= Armorial of Hungary =

This gallery of Hungarian coats of arms shows the coats of arms of the Counties and certain Hungarian cities. They are used to visually identify historical and present-day counties, as well as cities, within Hungary.

==National==

Coat of arms of Hungary

The coat of arms of Hungary was adopted on 3 July 1990, after the end of communist rule. The arms have been used before, both with and without the Holy Crown of Hungary, sometimes as part of a larger, more complex coat of arms, and its elements date back to the Middle Ages.

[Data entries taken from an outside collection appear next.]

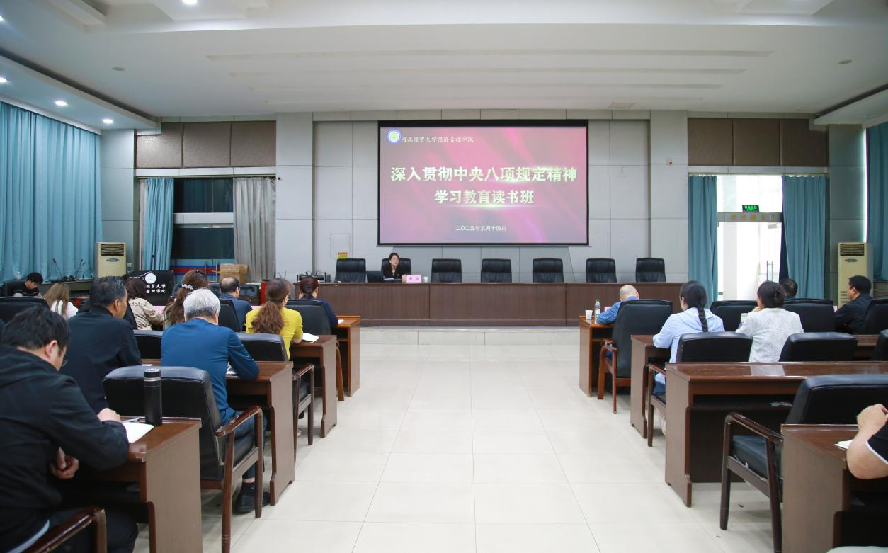 按照学院党委安排部署,5月14日至5月15日,Beat365举办深入贯彻中央八项规定精神学习教育读书班,读书班通过专题党课辅导、警示教育、分组讨论等方式学习《习近平关于加强党的作风建设论述摘编》《党的十八大以来深入贯彻中央八项规定精神的成效和经验》《习近平法治思想学习纲要》和《八项规定改变中国》等内容。学院党政领导班子成员、全体中层干部和各系部党组织书记参加。
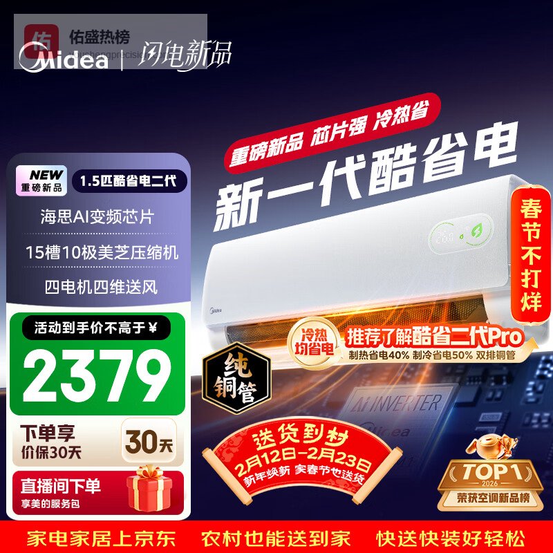 【京东自营】美的空调酷省电二代大1.5匹新一级能效变频冷暖纯铜管2026款空调卧室挂机国家补贴KFR¥
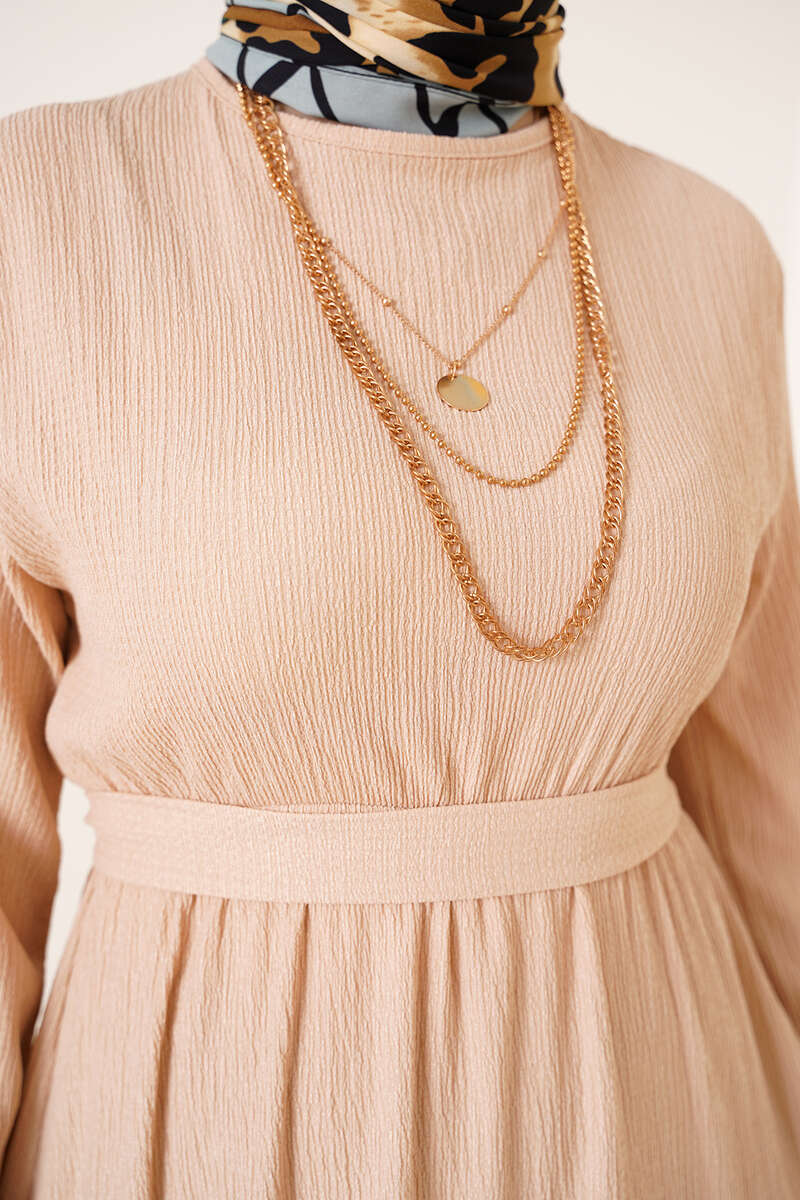 Yeni sezon elbisemiz sade görünümüyle sizler için geldi. Elbisemiz bürümcük yapıya sahiptir. Kuşağı bulunmaktadır. Bilekleri lastiklidir. Kat detaylıdır. Her ortamda rahatlıkla giyebilirsiniz. Farklı renk seçenekleri mevcuttur.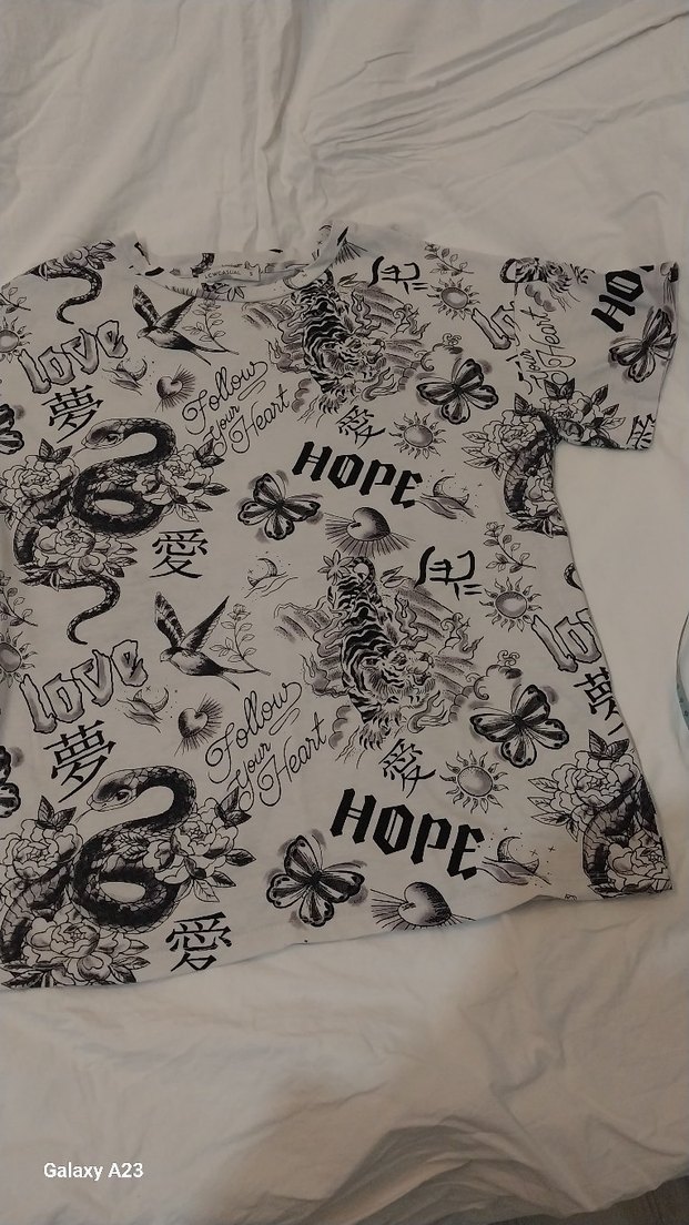 Kısa kollu, gri tişört "HOPE" dahil baskılı desenlerle. Sokak stili ve grunge punk havası taşıyor.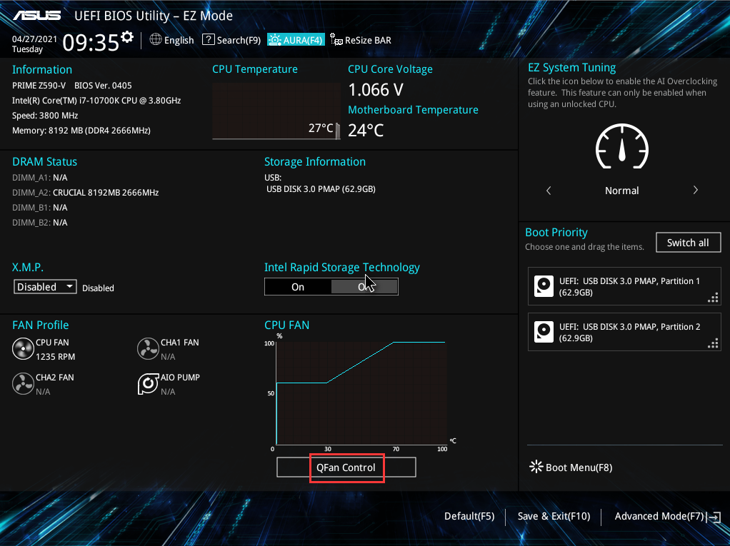 我們可以 通過BIOS中的EZ mode中QFAN CONTROL中設置CPU風扇轉速,但是有些用戶不知道怎么設

The shield is split into two parts:
- The dexter (the right side from the bearer's perspective, the left side from the viewer's) features the so-called Árpád stripes, four Gules (red) and four Argent (silver) stripes. Traditionally, the silver stripes represent four rivers: Duna (Danube), Tisza, Dráva, and Száva.
- The sinister (the left side from the bearer's perspective, the right side from the viewer's) consists of an Argent (silver) double cross on Gules (red) base, situated inside a small Or (golden) crown, the crown is placed on the middle heap of three Vert (green) hills, representing the mountain ranges (trimount) Tátra, Mátra, and Fátra.

Atop the shield rests the Holy Crown of St. Stephen (Stephen I of Hungary, István király), a crown that remains in the Parliament building (Országház) in Budapest today.